From 1971 to 1976, the Seldom Scene played every Thursday at the Red Fox Inn on Woodmont Avenue in Bethesda, until the Birchmere in Alexandria lured the band members away by tripling their pay.

When Auldridge lost his job at the Star, he decided to see if he could make a living with a guitar. With a wife and two small children, it was “scary,” he says, but he’d put aside some money. “When I realized after about six months that I hadn’t dipped into my savings,” he says he thought, “ ‘I’ll be damned, I’m a musician.’ I was afraid to even hope for that.”

Auldridge, who has lived in Silver Spring for 35 years, now plays with four or five bands, records for top country and bluegrass musicians and travels around the country promoting the resophonic guitar designed for him. “I’ve done recordings for 30 years, I have nine or 10 solo projects out and I’ve been on 250 albums of other people.
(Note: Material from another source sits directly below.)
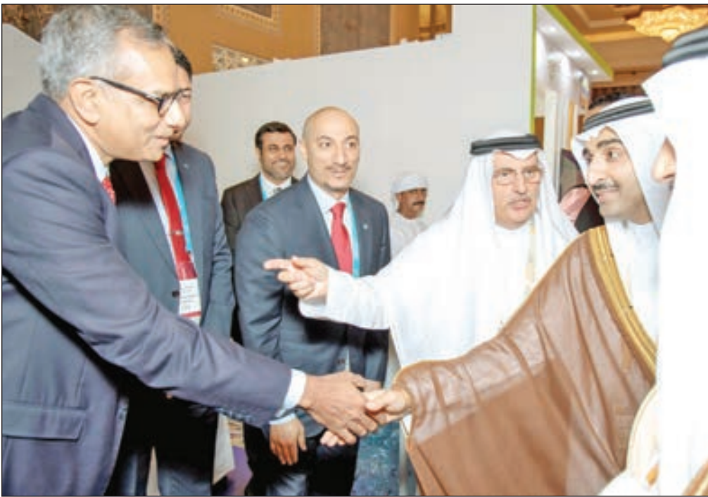
• الشيخ محمد آل خليفة خلال المنتدى السنوي الثالث عشر

تبحث في فرص وتحديات الرقمنة، وأمن الشبكات، والتجارة في زمن الحماثة المتنامية. بالإضافة إلى دور المرأة في القطاع. كما تم تخصيص جلسة تبحث بالاقتصاد الدائري تحت عنوان كيف «ننكر دائريا» ونخطط للمستقبل التي تعد فرصة طيبة استثنائية للإطلاع على أحدث التحديات والتوجهات في هذا القطاع وأفضل السبل لمعالجتها. واستضاف المنتدى أيضاً الدورة التاسعة لبرنامج «قادة الغد» الذي أطلقته «جيبكا» في سياق برامج الخدمة المجتمعية التي تروجها، وهو عبارة عن منصة توفر لطلاب الجامعات والكليات في اختصاصات العلوم والتكنولوجيا والهندسة والرياضيات فرصة للتعرف على فرص العمل في هذا القطاع مستقبلاً.

That’s a real nice legacy,” he says. “But the guitar—this is huge to me.” He went through four or five prototypes with Beard Guitars before the instrument was exactly to his liking, and now he calls it “the best guitar in the world.”

Even though Auldridge plays down the Grammy award for a CD that he did with nine other top dobro players, he does recognize his own artistry: “It thrills me to hear the music that can come out of my hands,” he says. But, onstage, he prefers his role as sideman. “I love it if I get applause, but that’s not why I do it,” he says. “I don’t play it for the reward. I play it because I cannot not play it.”

Philippe Varlet

For a Frenchman playing Gaelic music in an American bar, Philippe Varlet is as self-assured as any Irishman and for good reason. His friend and fellow musician Tina Eck of Cabin John once called him a “scary fiddle god” because his playing is so precise, and Rob Greenway of Takoma Park, who played with Varlet in the Blackthorn Ceili Band, refers to him as “a mighty force.” Varlet is on call for events at the Irish Embassy and has played for the White House, National Geographic and the Smithsonian. He’s done many festivals and private events and can be heard twice a week at Ri Ra Irish Pub in Bethesda.